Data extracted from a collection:
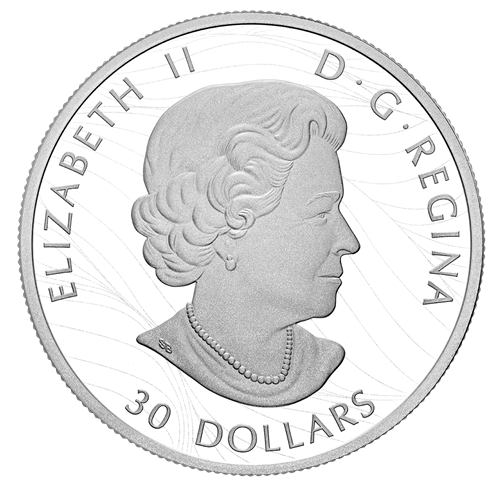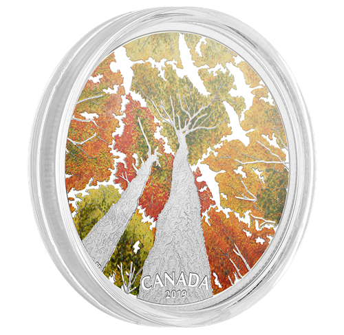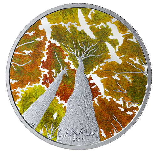 Œuvre de l’artiste Emily Damstra, le motif meten valeur la splendeur automnale d’une espèce classique d’érable indigène du Canada : l’érable à sucre (Acer saccharum). La vue en contre-plongée depuis le pied des arbres offre une perspective exceptionnelle sur les troncs et les branches gravés qui s’élèvent vers le soleil. Inspirées du phénomène naturel de la timidité des cimes, les ouvertures dans la canopée colorée des érables, rehaussées d’un fini épreuve numismatique, forment des silhouettes ressemblant à des bernaches du Canada (Branta canadensis) en plein vol. Sur le revers sont gravés la mention « CANADA » et le millésime « 2019 ». L’avers est à l’effigie de Sa Majesté la reine Elizabeth II, selon Susanna Blunt, et présente la valeur nominale « 30 DOLLARS ».
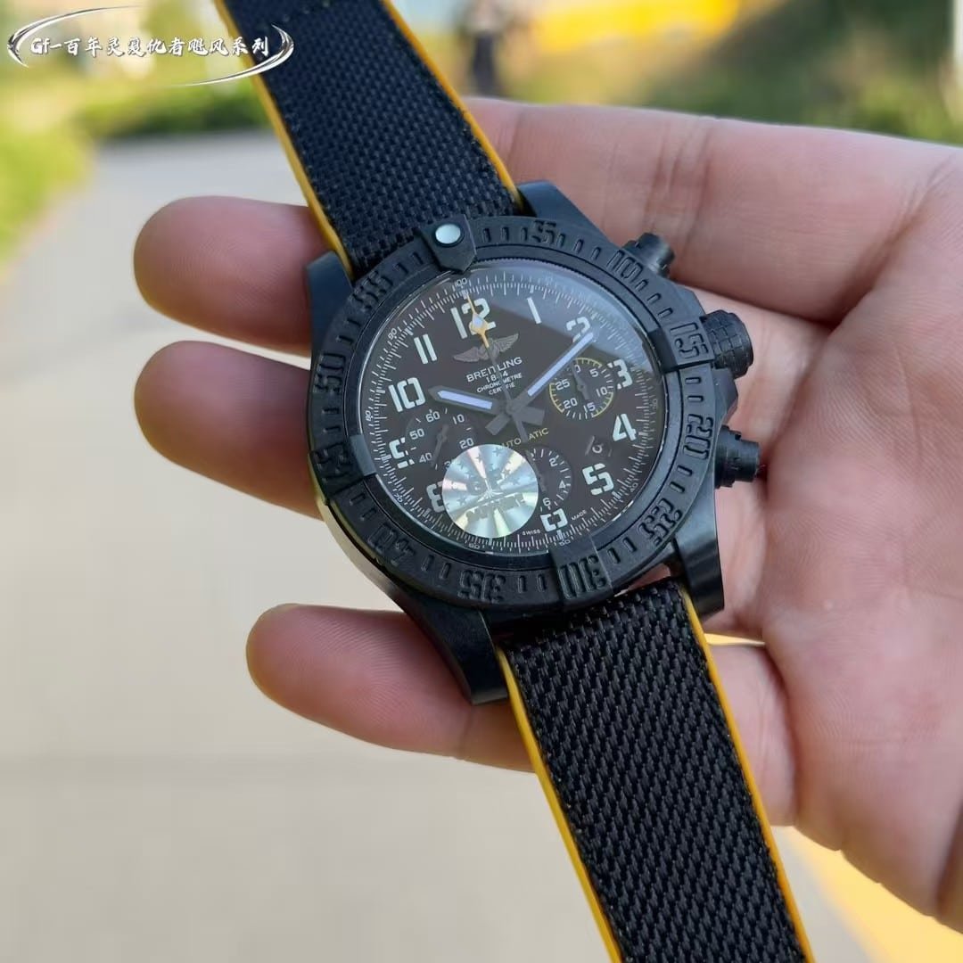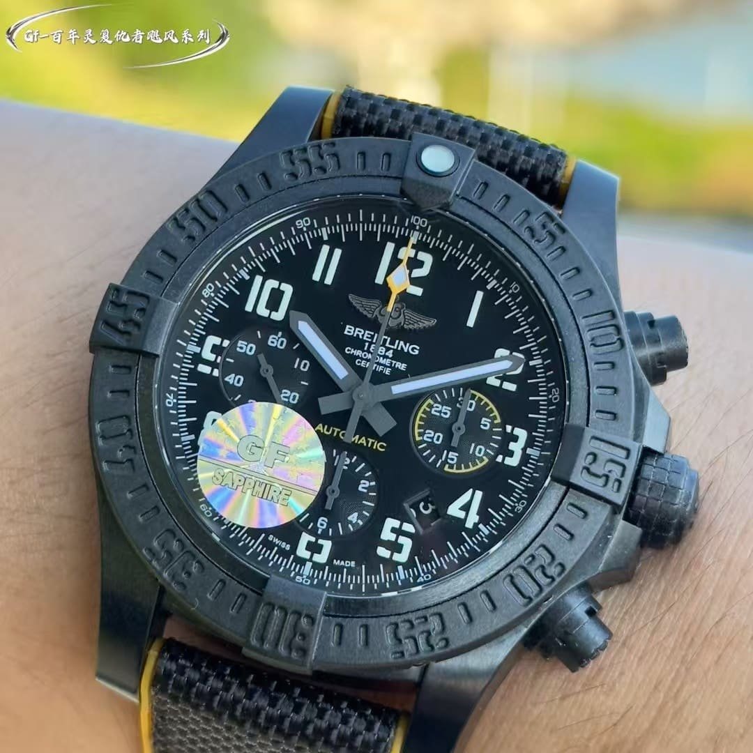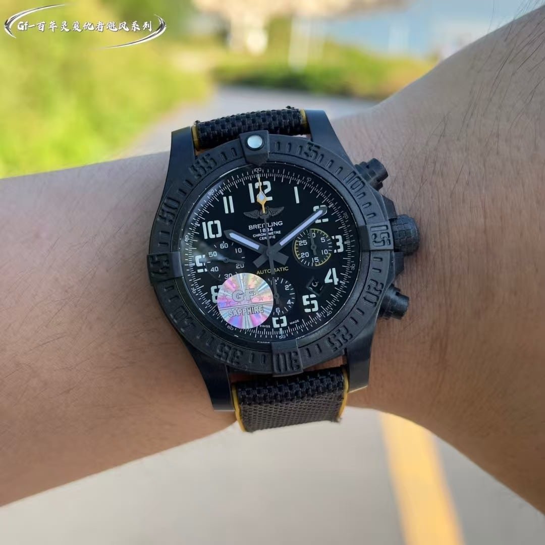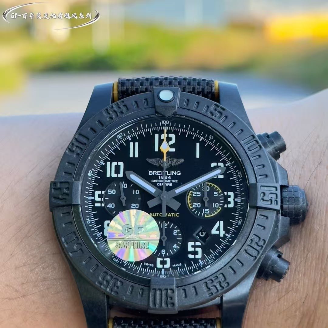 The GF factory version has slightly softer Arabic numerals and marginally different surface texture on the bezel teeth. The chronograph pushers feel firmer than the OEM’s more layered resistance. Lume strength is similar during the first few minutes but fades sooner. The case coating is less complex in tone compared with Breitling’s proprietary finishes. None of these differences break the watch’s identity—they simply give it a slightly more utilitarian personality. My own impression is that it delivers the Avenger’s grip, clarity, and tactile confidence well, but the final decision belongs to you.
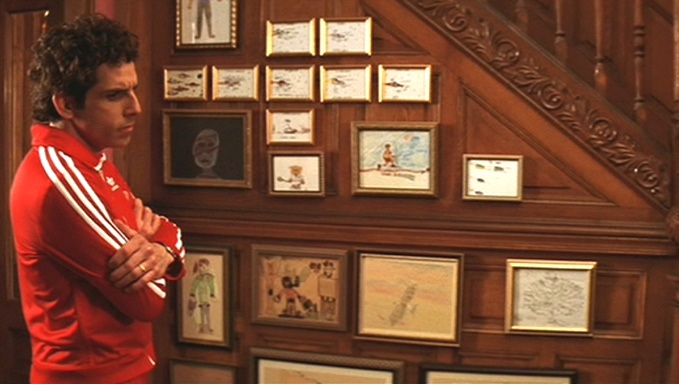 Wes Anderson worked with production designer David Wasco to decorate the Tenenbaums’ family home in Hollywood Regency style. You’ll see lots of stained glass windows, ornamental details, moulding and dark woods. Anderson has set up the house to look like a dollhouse, where each character’s room is a little world of its own, disconnected from the others. It’s a wonderful representation of how disconnected the family members are, and we’ll find more cool symbolism as we go!
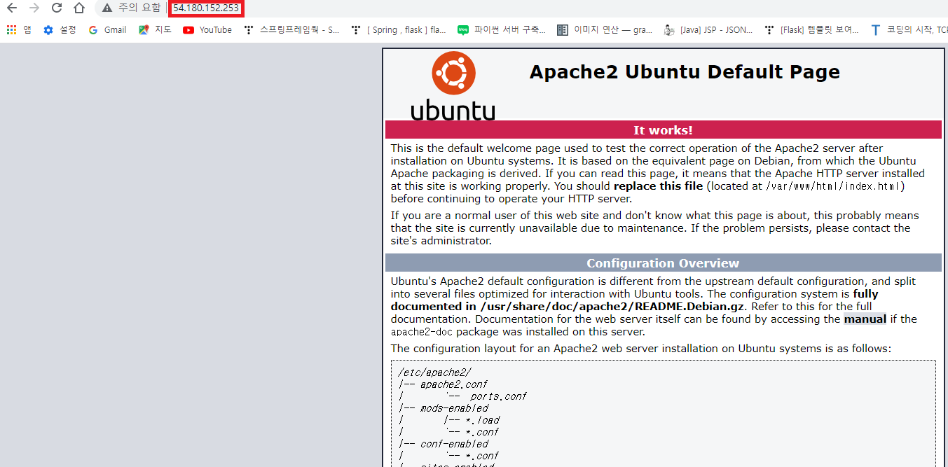 - 모든 접속 준비는 끝났다. 이제 URL 창에 EC2 인스턴스의 공인 DNS 혹은 공인 IP 주소를 입력하면 된다.
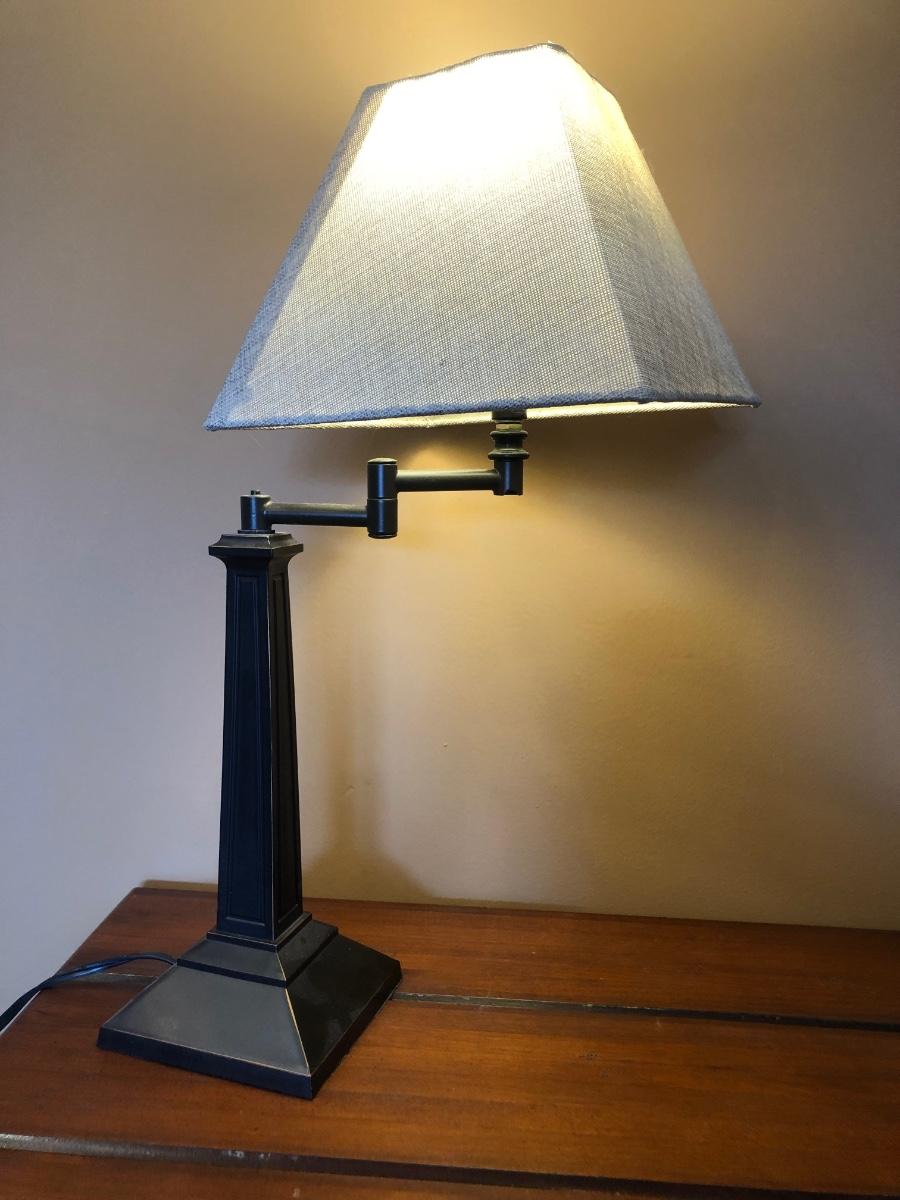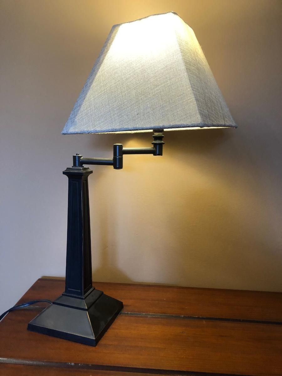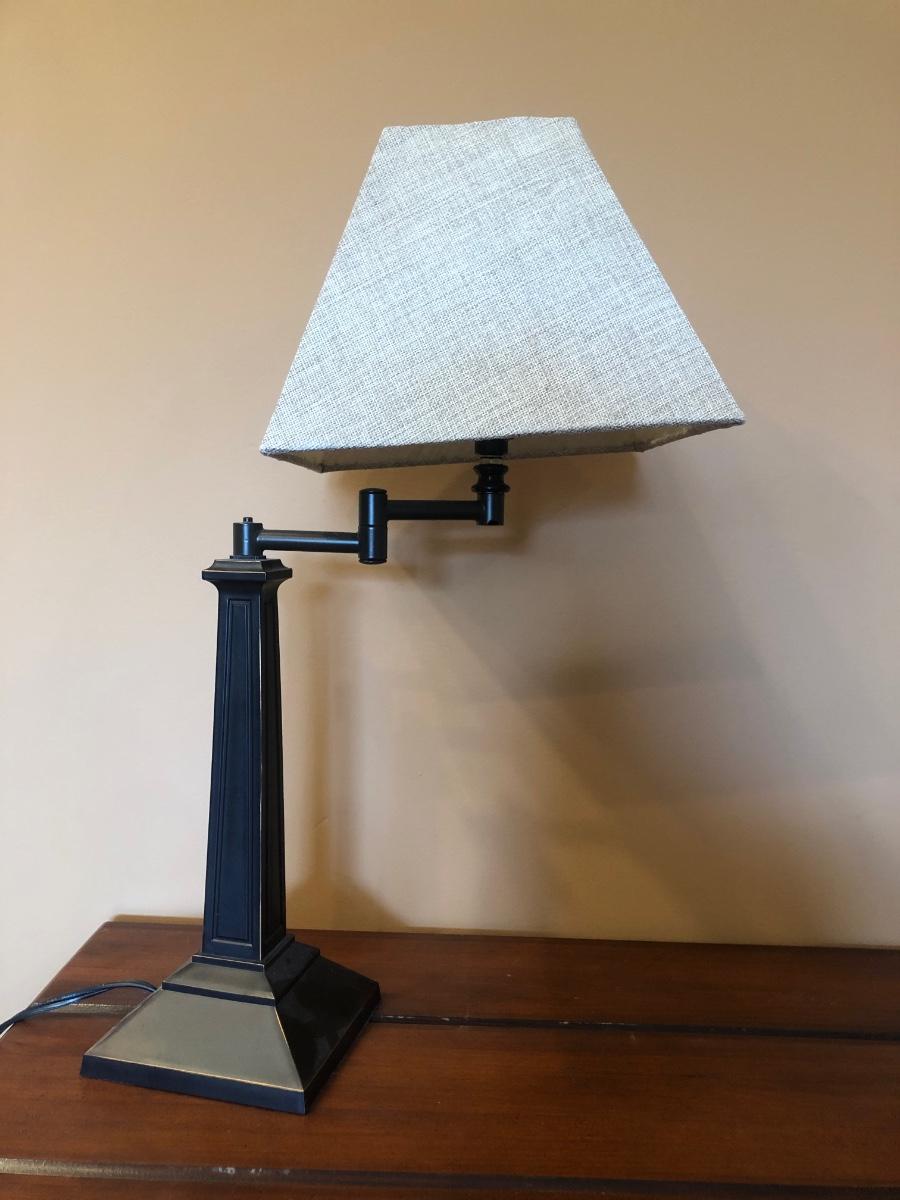 Metal with wood top modern designed table, with coordinating black lamp, and coffee table books. All pre-owned with minor wear from use. Please see all pictures as they are the best representation of the items. The pictures show condition, measurements if taken, and what is included in the lot. Due to the large amount that we photograph and the time frame, we are not always able to take measurements. All items unless noted, are pre-owned and have been used. If you purchased furniture, you must bring help. We do not allow one person to carry large furniture out on their own. Bring help, tools and a truck for the safety of our client’s homes, and your personal safety. Any damages that result to the property including walls, and floors due to moving of the furniture will be charged to the buyer. Company policy. Thank you.
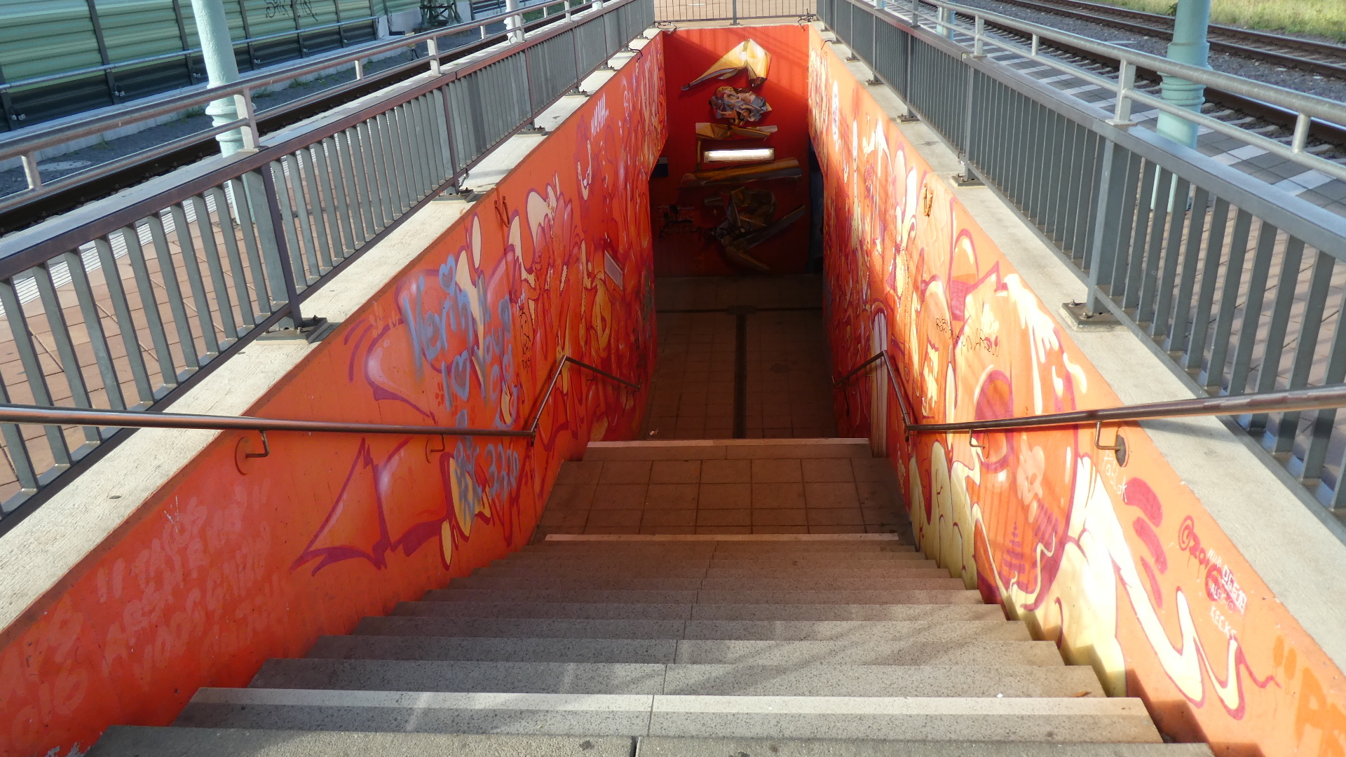As it happened, the train was a basically level entry, but the station featured a steep set of stairs up to the platform.
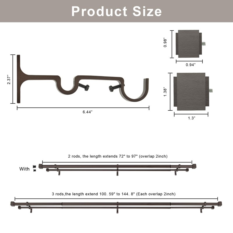 - 【Adjustable Length】The double curtain rods are consist of 1inch +7/8inch diameter large rods, and 5/8inch+4/8inch diameter small rods, put them together respectively, adjust the overlap length to accommodate to different size windows. There are 36-72” and 72-144” size option in our store. The rods length and installation, pls refer to the detail page.

**Activity**
Only the lines above from the one containing "Wes Anderson worked" through the one containing "- 모든 접속 준비는" should be returned, verbatim and inclusive, with pictures excluded.

**Reply**
 Wes Anderson worked with production designer David Wasco to decorate the Tenenbaums’ family home in Hollywood Regency style. You’ll see lots of stained glass windows, ornamental details, moulding and dark woods. Anderson has set up the house to look like a dollhouse, where each character’s room is a little world of its own, disconnected from the others. It’s a wonderful representation of how disconnected the family members are, and we’ll find more cool symbolism as we go!
 - 모든 접속 준비는 끝났다. 이제 URL 창에 EC2 인스턴스의 공인 DNS 혹은 공인 IP 주소를 입력하면 된다.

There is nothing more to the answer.